Agne Boklund

Personal information
- Full name: Agne Sigurd Boklund
- Date of birth: 29 September 1904
- Place of birth: Malmö, Sweden
- Date of death: 6 August 1949 (aged 44)
- Place of death: Malmö, Sweden
- Position: Goalkeeper

Senior career*
- Years: Team / Apps / (Gls)
- –1923: Malmö BI
- 1923–1924: IFK Malmö
- 1924–1927: Santos / 58 / (0)
- 1927–1933: IFK Malmö / 83+

= Agne Boklund =

Swedish association football player

Agne Sigurd Boklund (29 September 1904 – 6 August 1949) was a Swedish footballer who played as a goalkeeper.

==Club career==
Boklund began his career with Malmö BI before signing with IFK Malmö for a short period of time. In 1924, he moved to Brazil and began work at both the Johnson Line, a shipping company, and the Swedish consulate in São Paulo. He initially had no intention to play football in the new country, but was eventually persuaded by a Swedish companion, who incidentally had membership in Santos, to join the Brazilian powerhouse club. He became the first Swedish footballer to ever play in Brazil. He made 58 appearances during his three years in Brazil, including playing a game against José Leandro Andrade.
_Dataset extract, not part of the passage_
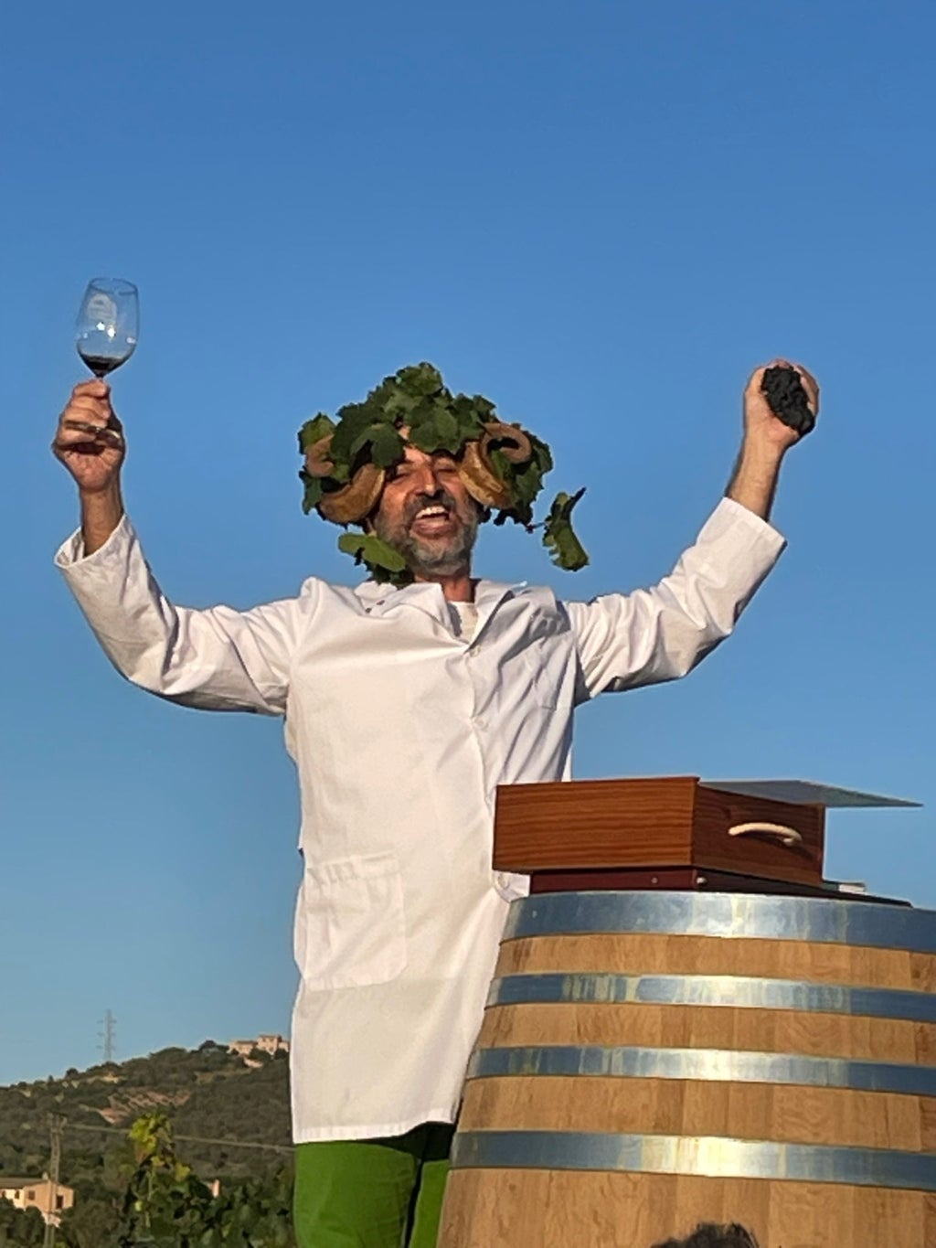 Minuts abans del tall del raïm, l’actor va pujar a un escenari rústec, vestit i amb una mena de capell amb fulles de raïm i banyes d xot, des d’on va recordar el lligam mil·lenari entre Mallorca i el conreu de la vinya i l’elaboració del vi. En el seu estil característic, Gomila va aprofitar per intercalar en el seu parlament referències crítiques i befes relacionades amb la situació actual a l’illa, tot dit des de l’humor més blanc i intel·ligent.

Notably, Boklund missed a crucial game against Ypiranga because of a torrential rainstorm, which stranded him between Itapetininga and Sorocaba. He sent a letter to the Santos board to explain his absence. The handwritten letter was re-discovered in 2018 and made the club realize they had incorrectly recorded his presence in the game in their statistics. In 1927 Boklund returned to Sweden and IFK Malmö. He made his Allsvenskan debut on 5 August 1928 against Helsingborgs IF, and proceeded to play another 83 Allsvenskan games. He passed away on 6 August 1949, at the age of 44.